- TO DO
Restate word for word the opening line of the data below and every line after it until the line with "What are XML", that line too, but not the pictures.

(AVAILABLE DATA)

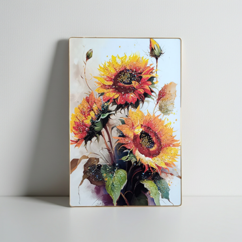 Картината е с размери 40 х 60 см, което я прави подходяща за различни пространства - от хола и спалнята до офиса. Рамката придава завършен вид и подчертава красотата на изобразените слънчогледи. Техниката на изработка Art Crystal добавя допълнителен блясък и текстура, превръщайки картината в истинско произведение на изкуството.
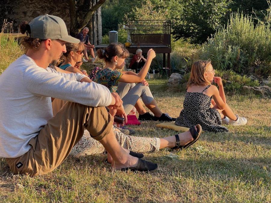La scène se passe jeudi 13 juillet 2022 dans la cour de l'ancienne école de Grozon, peu après l'inauguration et le vernissage, au Temple de Grozon, de l'Exposition de Peinture Magmas Désendormis:
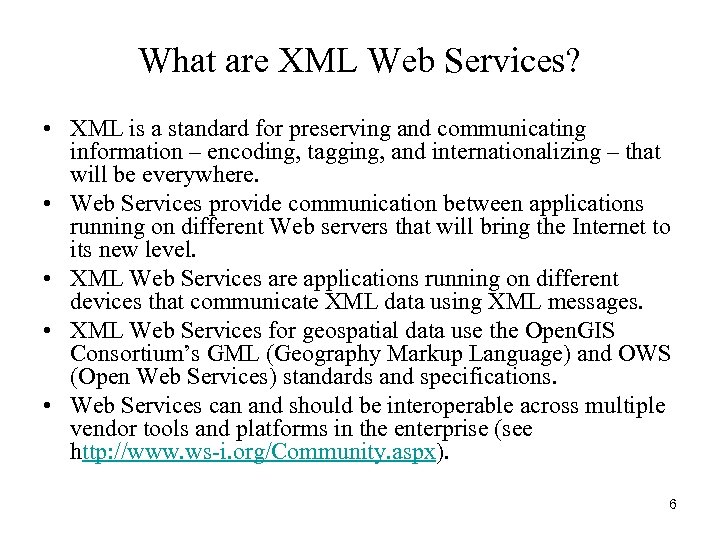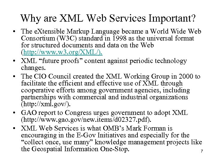 What are XML Web Services? • XML is a standard for preserving and communicating information – encoding, tagging, and internationalizing – that will be everywhere. • Web Services provide communication between applications running on different Web servers that will bring the Internet to its new level. • XML Web Services are applications running on different devices that communicate XML data using XML messages. • XML Web Services for geospatial data use the Open. GIS Consortium’s GML (Geography Markup Language) and OWS (Open Web Services) standards and specifications. • Web Services can and should be interoperable across multiple vendor tools and platforms in the enterprise (see http: //www. ws-i. org/Community. aspx). 6
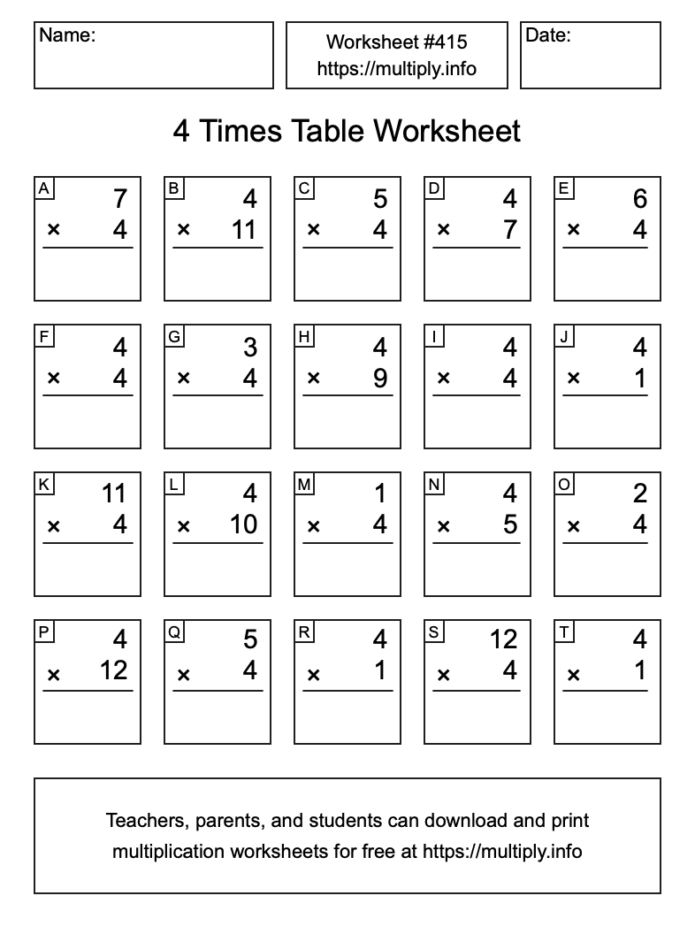 Here is the 4 Times Table Worksheet #415. This worksheet contains problems related to the multiplication table of 4. Print and/or save the worksheet using the buttons below the image. You can also drag or right-click on the image to download it to your device.

(End AVAILABLE DATA)

- RESPONSE TO THE TASK
 Картината е с размери 40 х 60 см, което я прави подходяща за различни пространства - от хола и спалнята до офиса. Рамката придава завършен вид и подчертава красотата на изобразените слънчогледи. Техниката на изработка Art Crystal добавя допълнителен блясък и текстура, превръщайки картината в истинско произведение на изкуството.
La scène se passe jeudi 13 juillet 2022 dans la cour de l'ancienne école de Grozon, peu après l'inauguration et le vernissage, au Temple de Grozon, de l'Exposition de Peinture Magmas Désendormis:
 What are XML Web Services? • XML is a standard for preserving and communicating information – encoding, tagging, and internationalizing – that will be everywhere. • Web Services provide communication between applications running on different Web servers that will bring the Internet to its new level. • XML Web Services are applications running on different devices that communicate XML data using XML messages. • XML Web Services for geospatial data use the Open. GIS Consortium’s GML (Geography Markup Language) and OWS (Open Web Services) standards and specifications. • Web Services can and should be interoperable across multiple vendor tools and platforms in the enterprise (see http: //www. ws-i. org/Community. aspx). 6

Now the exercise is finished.